With the pictures left out, copy the listing below exactly.

━━ Material provided ━━

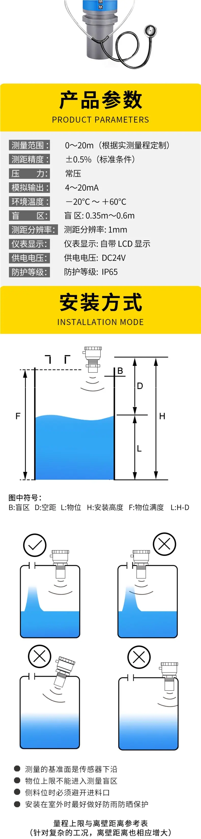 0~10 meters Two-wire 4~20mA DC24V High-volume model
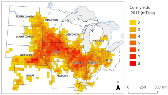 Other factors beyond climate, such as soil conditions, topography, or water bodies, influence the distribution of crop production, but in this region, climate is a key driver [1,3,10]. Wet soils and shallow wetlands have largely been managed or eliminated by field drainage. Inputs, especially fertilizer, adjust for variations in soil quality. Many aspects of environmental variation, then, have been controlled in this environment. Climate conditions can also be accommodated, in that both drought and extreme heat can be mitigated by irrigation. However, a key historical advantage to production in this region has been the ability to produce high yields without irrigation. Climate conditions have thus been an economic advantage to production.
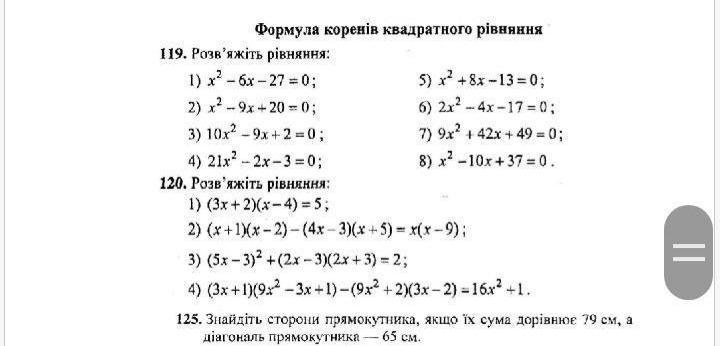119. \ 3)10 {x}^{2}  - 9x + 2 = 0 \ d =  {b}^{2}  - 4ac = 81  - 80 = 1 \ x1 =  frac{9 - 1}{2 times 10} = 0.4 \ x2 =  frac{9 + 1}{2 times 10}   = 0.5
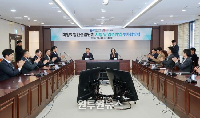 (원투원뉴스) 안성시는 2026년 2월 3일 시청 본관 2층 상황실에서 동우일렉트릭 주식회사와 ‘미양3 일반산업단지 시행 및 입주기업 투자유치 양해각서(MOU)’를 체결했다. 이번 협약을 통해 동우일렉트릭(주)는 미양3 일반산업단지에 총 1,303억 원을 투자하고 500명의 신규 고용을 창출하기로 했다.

━━━

• Response:
 0~10 meters Two-wire 4~20mA DC24V High-volume model
 Other factors beyond climate, such as soil conditions, topography, or water bodies, influence the distribution of crop production, but in this region, climate is a key driver [1,3,10]. Wet soils and shallow wetlands have largely been managed or eliminated by field drainage. Inputs, especially fertilizer, adjust for variations in soil quality. Many aspects of environmental variation, then, have been controlled in this environment. Climate conditions can also be accommodated, in that both drought and extreme heat can be mitigated by irrigation. However, a key historical advantage to production in this region has been the ability to produce high yields without irrigation. Climate conditions have thus been an economic advantage to production.
119. \ 3)10 {x}^{2}  - 9x + 2 = 0 \ d =  {b}^{2}  - 4ac = 81  - 80 = 1 \ x1 =  frac{9 - 1}{2 times 10} = 0.4 \ x2 =  frac{9 + 1}{2 times 10}   = 0.5
 (원투원뉴스) 안성시는 2026년 2월 3일 시청 본관 2층 상황실에서 동우일렉트릭 주식회사와 ‘미양3 일반산업단지 시행 및 입주기업 투자유치 양해각서(MOU)’를 체결했다. 이번 협약을 통해 동우일렉트릭(주)는 미양3 일반산업단지에 총 1,303억 원을 투자하고 500명의 신규 고용을 창출하기로 했다.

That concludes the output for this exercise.